Yesterday, I was pulling a thumb tack out of the wall and dropped it on the carpet in my office. Because it was clear plastic, I couldn’t see it, but I knew if I got down at eye level with the floor, I’d be able to find it. Sure enough, I found it right away.

So it got me thinking about how a change in perspective helps you see things you wouldn’t normally see. For example:

We see the rude person at work as a jerk, but don’t realize they’re under tremendous pressure at home. Maybe they’re dealing with a child on drugs, a failing marriage or a parent with a terminal illness. What’s it like to be that person?

Husbands, stop for a moment and see things from your wife’s perspective. She needs you to connect with her. She needs you to talk with her. She needs to know what’s going on in your heart. When you don’t engage with her, she feels lonely, unloved and uncared for. What would it be like to live everyday with one of your deepest longings unfulfilled? (Guys, I’m about to talk to the wives, but if you’re not doing these things, then don’t even think about talking to her about what’s next.)

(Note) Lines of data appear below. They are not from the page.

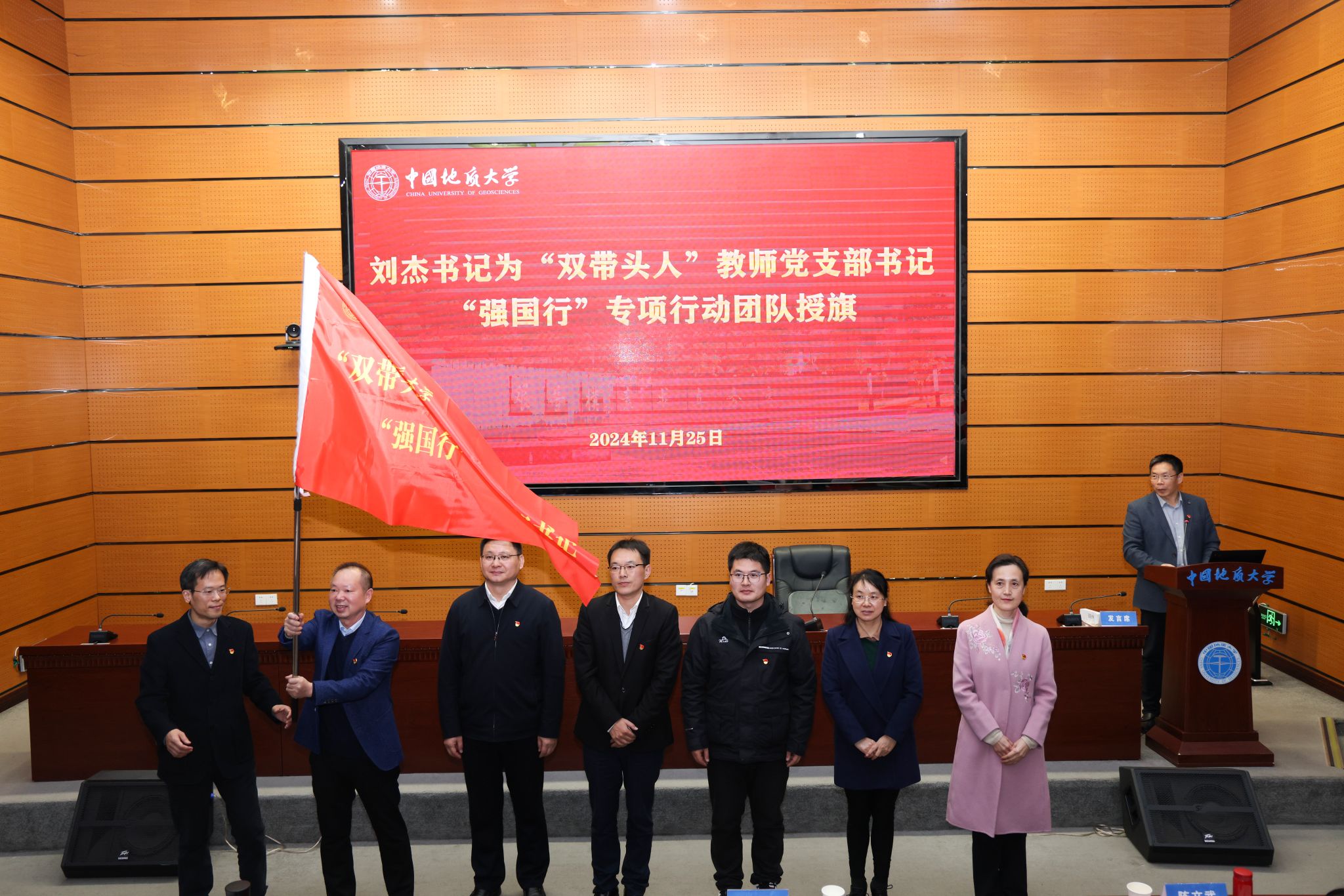 培训期间,刘杰为入选全国和湖北省“双带头人”教师党支部书记“强国行”专项行动团队的6个支部授旗。
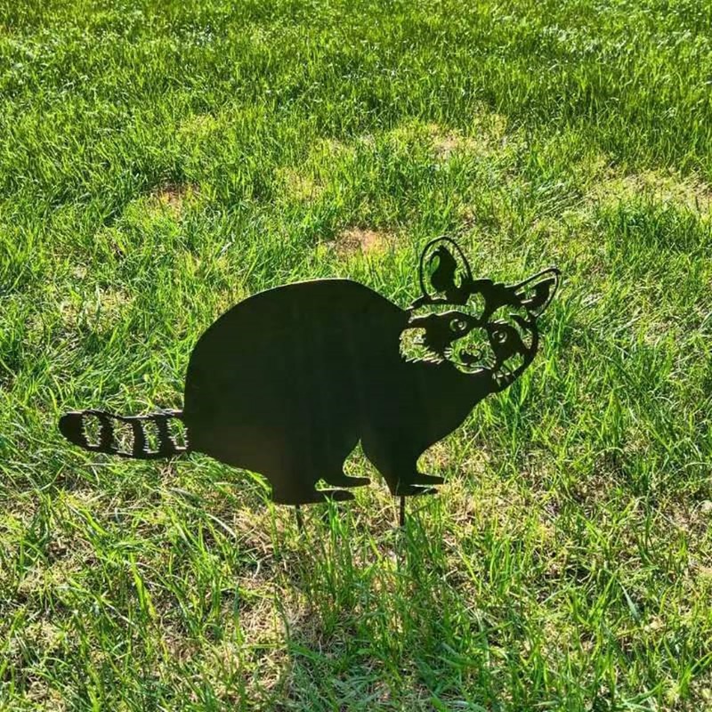 - CUTE GARDEN DECOR The decorative raccoon garden stakes are crafted by our designers and are inspired by the animal elements of nature - raccoons. Cute raccoons are perfect for decorating gardens, patios, outdoor areas, backyards, walkways, paths and anywhere you want to bring life and fun to your environment.
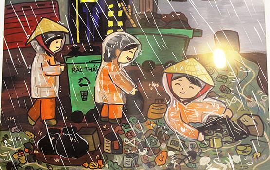 Là cá nhân đạt giải nhì thể loại tranh giấy, em Nguyễn Lê Kim Ngân (Trường THPT Lương Văn Can, quận 8) đã thể hiện bức tranh súc tích với chủ đề “Sự vất vả vinh quang của chúng tôi”. Nội dung bức tranh là hình ảnh những người công nhân vệ sinh, đang cần mẫn thu dọn rác thải trong thời tiết mưa gió. Theo Ngân, sự nhọc nhằn, vất vả tưởng rất nhỏ bé nhưng góp phần bảo vệ môi trường, giúp cho thành phố sạch đẹp, nên cần được tôn vinh. Cũng thể hiện chủ đề bảo vệ môi trường, em Phạm Nguyễn Phương Uyên (Trường Thực hành Sài Gòn, quận 5) đã vẽ nên bức tranh “Hành tinh xanh của chúng ta”. Bằng nét vẽ sắc sảo và cách sử dụng gam màu nóng lạnh chủ đạo, thí sinh đã chuyển tải thông điệp bảo vệ hành tinh bằng cách không chặt bỏ cây xanh, không xả rác bừa bãi, hạn chế xả khói công nghiệp và khí thải của các phương tiện xe cơ giới. Bên cạnh vấn đề bảo vệ môi trường, tranh vẽ ở các thể loại cũng thể hiện nhiều đề tài hay như “Quê em” (tác giả Huỳnh Ngọc Khánh An, lớp Lá 4 Trường Mầm non 14, quận Tân Bình); “Mẹ và Bống” (tác giả Nguyễn Tăng Bảo Châu, lớp Lá 2 Trường Mầm non Rạng Đông 11A); Em yêu lịch sử Việt Nam (tác giả Tô Thế Như, lớp 4/2, Trường Tiểu học Tạ Uyên, huyện Nhà Bè); “Ước mơ đến trường” (tác giả Hoàng Phương Vy, lớp 2/4, Trường Tiểu học Bàu Sen, quận 5); “Trồng cây công nghệ 4.0” (tác giả Trần Minh Trọng Nhân, Trường THCS Lê Quý Đôn, quận 3)…
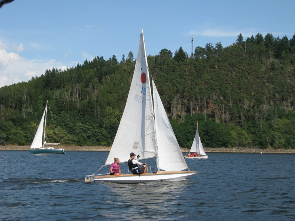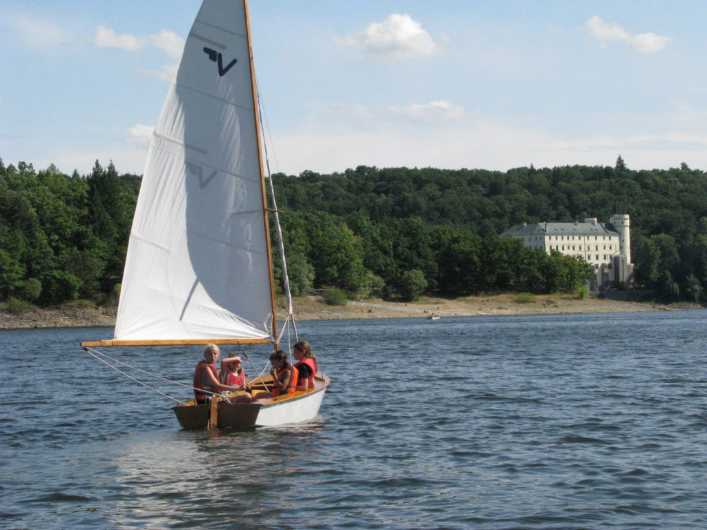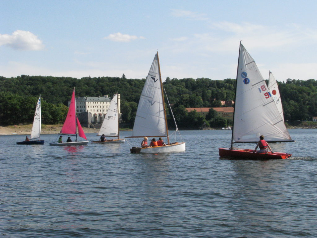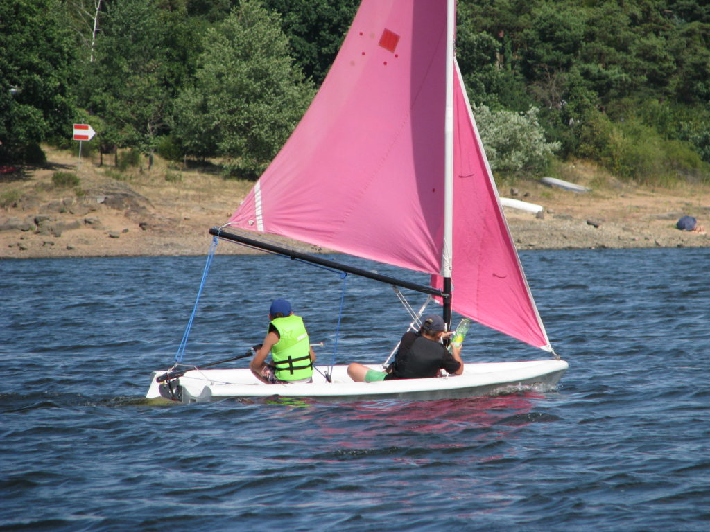 První dny jsme strávili přípravou lodí a testováním. Toho dne právě vedoucí na lodi Fireball strávili více času ve vodě než na lodi. Jejich omluvou bylo prohození kormidelníka a kosatníka. Další dny, poté kdy se prostřídali už vše šlo lépe. Děti si oživovaly základy plavby, pravidla plavby a trénovaly na blížící se závody. Slunné dny bez větru jsme strávili napřed chlazením ve vodě, poté hrami v lese a následným opětovným chlazením ve vodě. Věřte, že takto vážná opatření byla třeba. 😀

Wives, let me help you step inside your husband’s shoes for a moment. If you don’t cook or aren’t very good at it, then he can always go somewhere else to eat. If he likes the house clean, but you’re a little messy, he can always hire a housekeeper. He can’t do those things when it comes to sex. We call that prostitution. So remember that you’re all he’s got. When he married you, he was trusting you to understand and meet his sexual needs. He needs you to not only understand that, but to be excited about it.

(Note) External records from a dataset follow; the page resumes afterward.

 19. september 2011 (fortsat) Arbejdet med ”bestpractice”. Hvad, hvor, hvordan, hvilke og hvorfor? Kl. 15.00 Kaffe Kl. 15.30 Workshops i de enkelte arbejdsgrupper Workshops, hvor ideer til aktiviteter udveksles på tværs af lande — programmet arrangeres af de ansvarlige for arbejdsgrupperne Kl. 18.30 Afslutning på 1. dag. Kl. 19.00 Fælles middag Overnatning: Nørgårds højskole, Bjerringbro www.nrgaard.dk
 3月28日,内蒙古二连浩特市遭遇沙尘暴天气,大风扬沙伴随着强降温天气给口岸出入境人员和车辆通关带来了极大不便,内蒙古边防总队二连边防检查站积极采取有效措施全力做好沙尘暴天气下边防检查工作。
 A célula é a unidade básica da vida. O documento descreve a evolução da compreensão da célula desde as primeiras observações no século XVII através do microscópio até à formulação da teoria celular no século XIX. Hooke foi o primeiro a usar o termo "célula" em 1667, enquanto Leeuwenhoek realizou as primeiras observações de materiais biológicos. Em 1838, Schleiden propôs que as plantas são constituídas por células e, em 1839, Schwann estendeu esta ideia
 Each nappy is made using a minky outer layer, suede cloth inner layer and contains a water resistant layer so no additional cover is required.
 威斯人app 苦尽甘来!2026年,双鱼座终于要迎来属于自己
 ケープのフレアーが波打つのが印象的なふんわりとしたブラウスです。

The homeless person didn’t decide when he was ten years old that one day he wanted to be addicted to alcohol and live in a tent south of town. But it happened. And now he feels hopeless, helpless and humiliated. Not to mention bored out of his mind most days. I wonder how often he asks himself how this could have ever happened to him. What would it be like to walk in his shoes for just one day?

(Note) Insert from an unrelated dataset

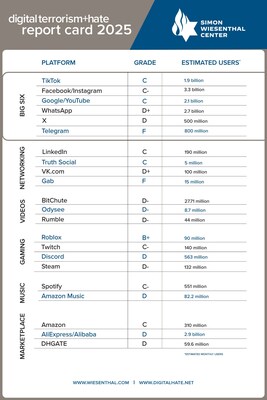 NEW YORK and LOS ANGELES, April 29, 2025 /PRNewswire/ — The Simon Wiesenthal Center (SWC), a leading global Jewish human rights organization, today released its 2025 Digital Terror and Hate Report Card at a press conference with the New York City Council and, simultaneously, in a presentation to the California State Legislature. The report card measures and documents the failure of leading social media companies to adequately address the growing climate of hate rhetoric online.
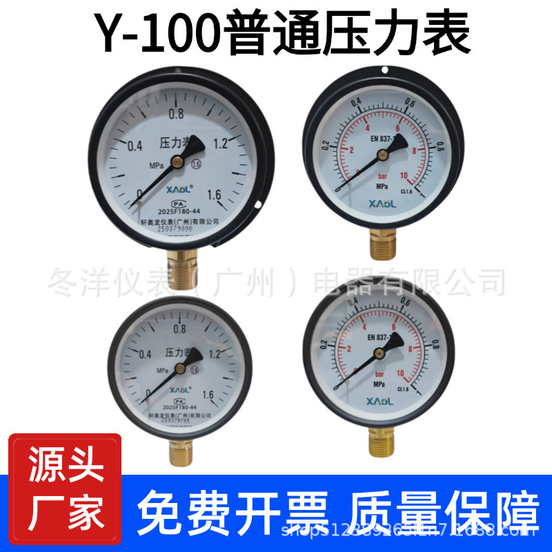 Pengukur tekanan vakum cangkang besi hitam Y-100 pengukur tekanan YC-100T kapal 0.6/1/6/2/2.5MPA

Your neighbor or co-worker with the great house and new car isn’t as happy as you think she is. She may try putting on a good face, but underneath, she’s empty. When her head hits the pillow at night, she wonders if this is all there is.

Paul wrote:

“Do nothing out of selfish ambition or vain conceit, but in humility consider others better than yourselves. Each of you should look not only to your own interests, but also to the interests of others.” (Philippians 2:3-4)

Selfish ambition and vain conceit cause us to only see from our perspective. We don’t even stop to consider another perspective. What would it be like though in your marriage, in your family, at work or in your church if you considered others better than you?

What if you looked not only to your own interests, but also to the interests of others?

It’s a pretty big change of perspective. Kind of a radical one, I think.

Really only possible with God’s help.

Why not try it though? Start with one person or even just one day. Make every effort to see life through the eyes of someone else.

By the way, it never hurts to try and see things from God’s perspective. He loves all those people we just looked at. Plus, He’s got a whole different way of looking at life. We see the difficulties we’re facing as something fearful, but God sees them as an opportunity to growth our faith and reveal His faithfulness.

Anyway, go give it a try. Let me know what happens.